+++ Data section

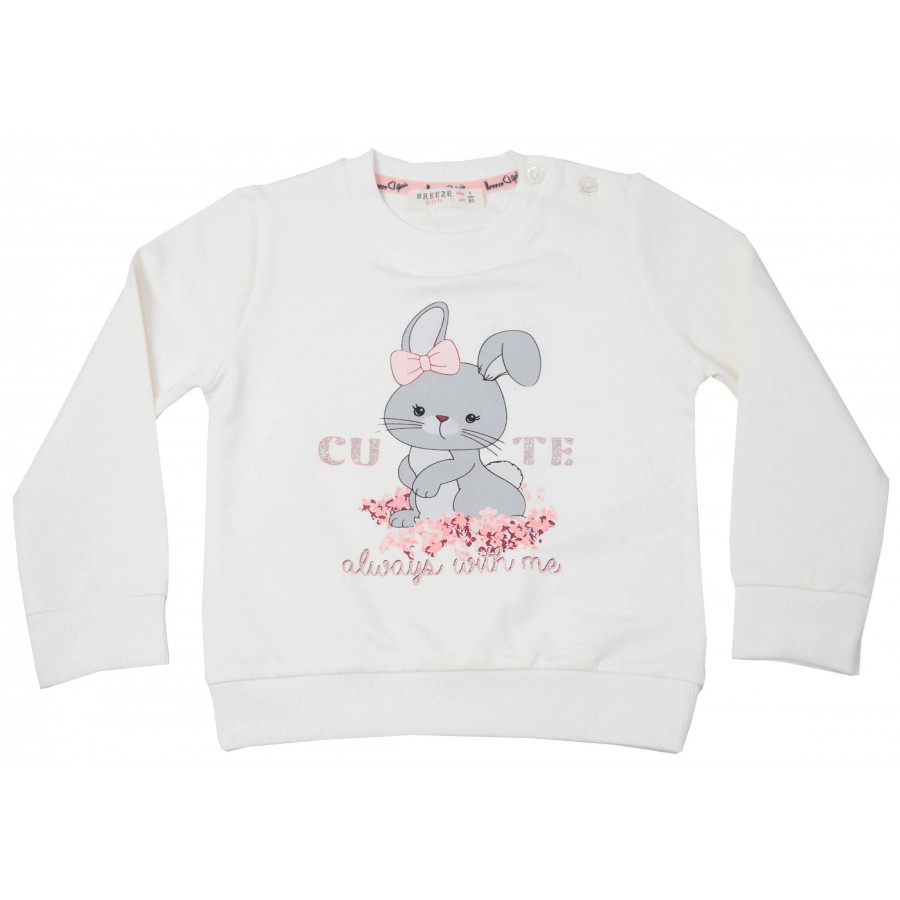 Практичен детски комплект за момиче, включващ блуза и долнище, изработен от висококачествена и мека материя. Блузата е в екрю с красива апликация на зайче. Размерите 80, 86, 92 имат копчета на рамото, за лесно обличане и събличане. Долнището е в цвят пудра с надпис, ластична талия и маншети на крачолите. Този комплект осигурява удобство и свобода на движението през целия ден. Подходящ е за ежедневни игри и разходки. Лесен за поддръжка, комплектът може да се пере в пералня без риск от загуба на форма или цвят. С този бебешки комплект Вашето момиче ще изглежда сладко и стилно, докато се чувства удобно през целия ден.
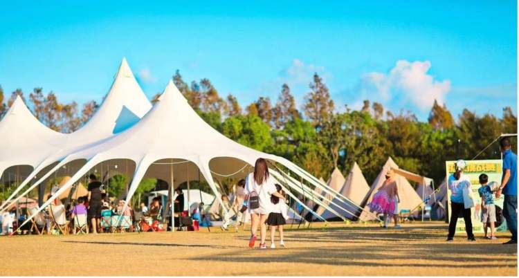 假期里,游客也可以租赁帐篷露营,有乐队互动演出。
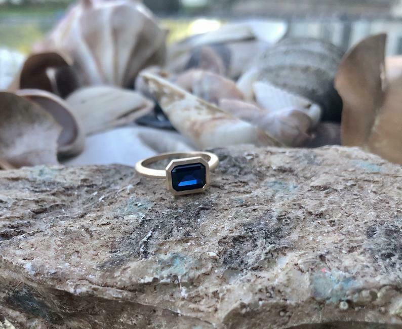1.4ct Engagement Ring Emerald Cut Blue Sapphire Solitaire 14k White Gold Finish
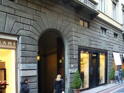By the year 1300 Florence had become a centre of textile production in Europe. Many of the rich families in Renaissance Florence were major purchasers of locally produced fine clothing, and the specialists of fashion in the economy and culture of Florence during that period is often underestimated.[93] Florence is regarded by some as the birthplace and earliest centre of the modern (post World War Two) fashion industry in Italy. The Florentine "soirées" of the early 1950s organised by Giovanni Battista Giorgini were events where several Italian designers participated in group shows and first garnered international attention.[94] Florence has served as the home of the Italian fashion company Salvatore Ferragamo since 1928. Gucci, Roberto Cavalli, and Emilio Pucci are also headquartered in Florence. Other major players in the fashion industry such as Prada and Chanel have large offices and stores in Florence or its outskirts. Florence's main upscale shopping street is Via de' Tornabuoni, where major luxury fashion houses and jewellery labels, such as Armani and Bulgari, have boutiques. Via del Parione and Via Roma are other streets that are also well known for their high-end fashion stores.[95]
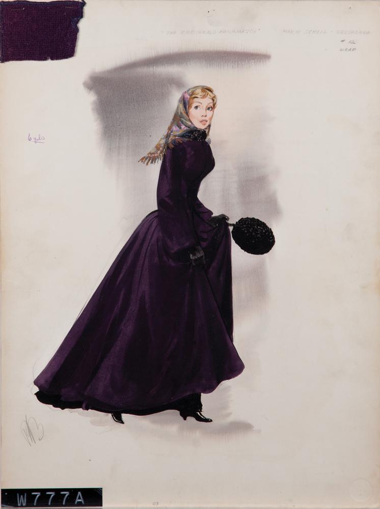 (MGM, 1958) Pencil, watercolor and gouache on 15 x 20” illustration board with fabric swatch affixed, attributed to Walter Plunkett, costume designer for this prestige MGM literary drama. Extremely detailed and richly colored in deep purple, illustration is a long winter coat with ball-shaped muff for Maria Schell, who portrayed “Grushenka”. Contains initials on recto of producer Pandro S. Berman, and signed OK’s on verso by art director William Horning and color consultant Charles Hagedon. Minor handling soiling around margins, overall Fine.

++++++

• **Problem description**: When you return the records, keep every word unchanged and drop the pictures.

• **Task output**:
 Практичен детски комплект за момиче, включващ блуза и долнище, изработен от висококачествена и мека материя. Блузата е в екрю с красива апликация на зайче. Размерите 80, 86, 92 имат копчета на рамото, за лесно обличане и събличане. Долнището е в цвят пудра с надпис, ластична талия и маншети на крачолите. Този комплект осигурява удобство и свобода на движението през целия ден. Подходящ е за ежедневни игри и разходки. Лесен за поддръжка, комплектът може да се пере в пералня без риск от загуба на форма или цвят. С този бебешки комплект Вашето момиче ще изглежда сладко и стилно, докато се чувства удобно през целия ден.
 假期里,游客也可以租赁帐篷露营,有乐队互动演出。
1.4ct Engagement Ring Emerald Cut Blue Sapphire Solitaire 14k White Gold Finish
By the year 1300 Florence had become a centre of textile production in Europe. Many of the rich families in Renaissance Florence were major purchasers of locally produced fine clothing, and the specialists of fashion in the economy and culture of Florence during that period is often underestimated.[93] Florence is regarded by some as the birthplace and earliest centre of the modern (post World War Two) fashion industry in Italy. The Florentine "soirées" of the early 1950s organised by Giovanni Battista Giorgini were events where several Italian designers participated in group shows and first garnered international attention.[94] Florence has served as the home of the Italian fashion company Salvatore Ferragamo since 1928. Gucci, Roberto Cavalli, and Emilio Pucci are also headquartered in Florence. Other major players in the fashion industry such as Prada and Chanel have large offices and stores in Florence or its outskirts. Florence's main upscale shopping street is Via de' Tornabuoni, where major luxury fashion houses and jewellery labels, such as Armani and Bulgari, have boutiques. Via del Parione and Via Roma are other streets that are also well known for their high-end fashion stores.[95]
 (MGM, 1958) Pencil, watercolor and gouache on 15 x 20” illustration board with fabric swatch affixed, attributed to Walter Plunkett, costume designer for this prestige MGM literary drama. Extremely detailed and richly colored in deep purple, illustration is a long winter coat with ball-shaped muff for Maria Schell, who portrayed “Grushenka”. Contains initials on recto of producer Pandro S. Berman, and signed OK’s on verso by art director William Horning and color consultant Charles Hagedon. Minor handling soiling around margins, overall Fine.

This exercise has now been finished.